According to new research, three in four (76 percent) organizations report being victims of phishing attacks. The findings indicate a 10 percent decrease from 2015.
The third annual State of Phish report by Wombat Security analyzed data from tens of millions of simulated phishing emails over 12 months, in addition to 500 survey responses from infosec professionals and 2,000 survey responses from end users in the US and UK.
Only 51 percent of respondents stated they felt phishing attacks were increasing overall – a 15 percent decrease from last year’s survey.
The report noted it’s not likely that cybercriminals are diminishing their attacks but rather, an indication that they are “diversifying their tactics now that end users are becoming more savvy.”
“While attacks seem to be slowing, that does not mean that organizations should not continue to be vigilant in training their end users about security threats,” read the report. “The key is continuous training and reinforcement to keep security top of mind every day.”
For those that had fallen victim to such attacks, the majority (38 percent) cited a disruption of employee activity as a result.
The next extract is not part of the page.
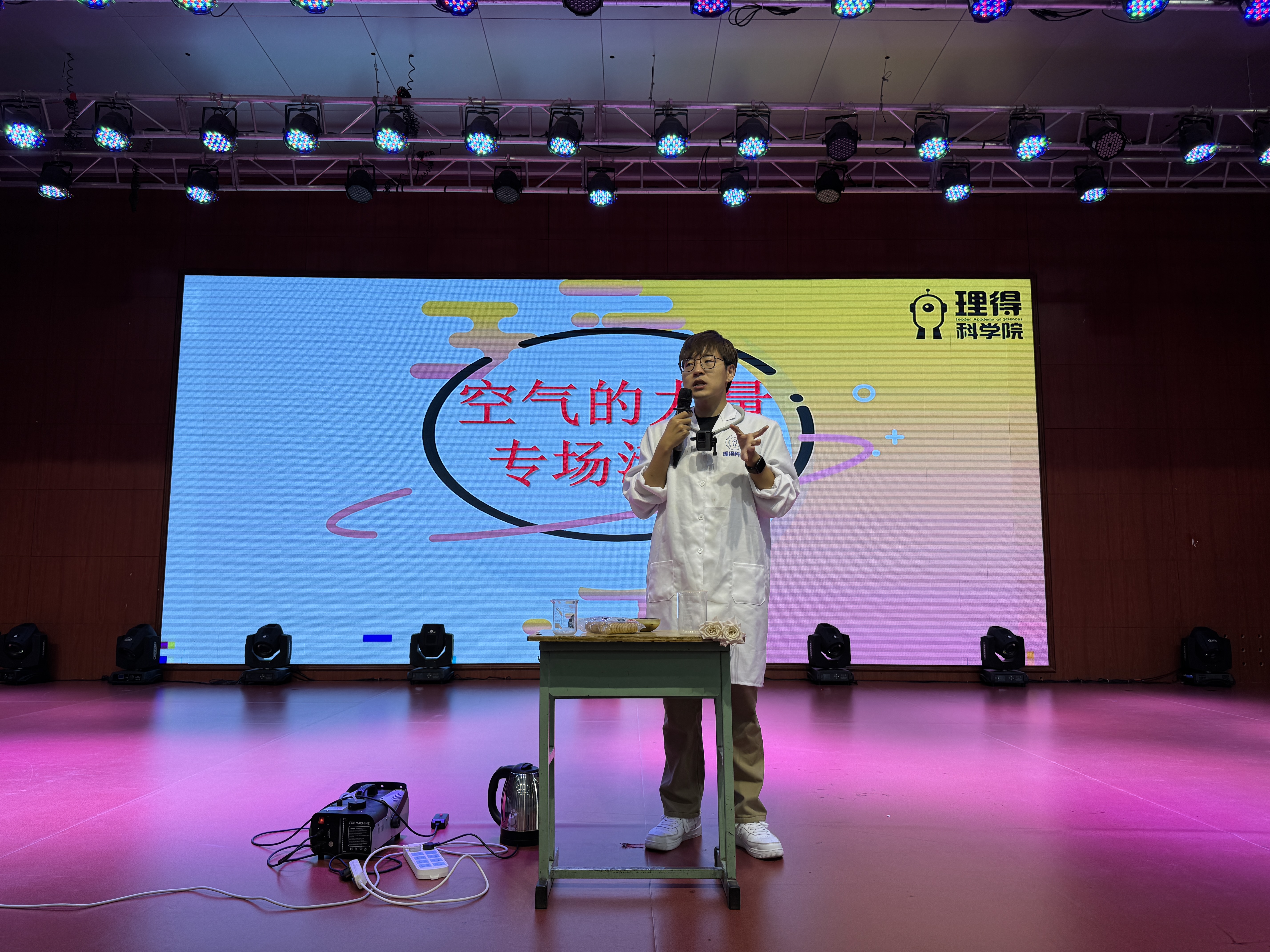 活动现场,来自理得科学院的老师为同学们带来了一场以“空气的力量”为主题的科学实验展演。“空气炮”“马德堡半球”等互动实验,将抽象的物理知识转化为直观生动的现象,引发同学们阵阵惊叹,激发了孩子们对科学的好奇与热情。

A separate report by the Ponemon Institute found lost employee productivity as the largest cost associated with phishing – an estimated $1.8M for a 10,000-person company.
Based on the results from its simulated phishing messages, Wombat Security revealed that end users are more likely to click on emails that they would expect to find in their work email boxes, and less likely to click on something consumer-related.
Among the most popular attack templates were emails requesting a password update with a 24 percent average failure rate; a corporate e-fax (20 percent); a shipping notification (19 percent); an email password change (18 percent); and an email quota alert (18 percent).
Fortunately, the report adds that there has been a significant increase in organizations investing in security training and awareness programs to help educate end users how to identify and avoid phishing attacks.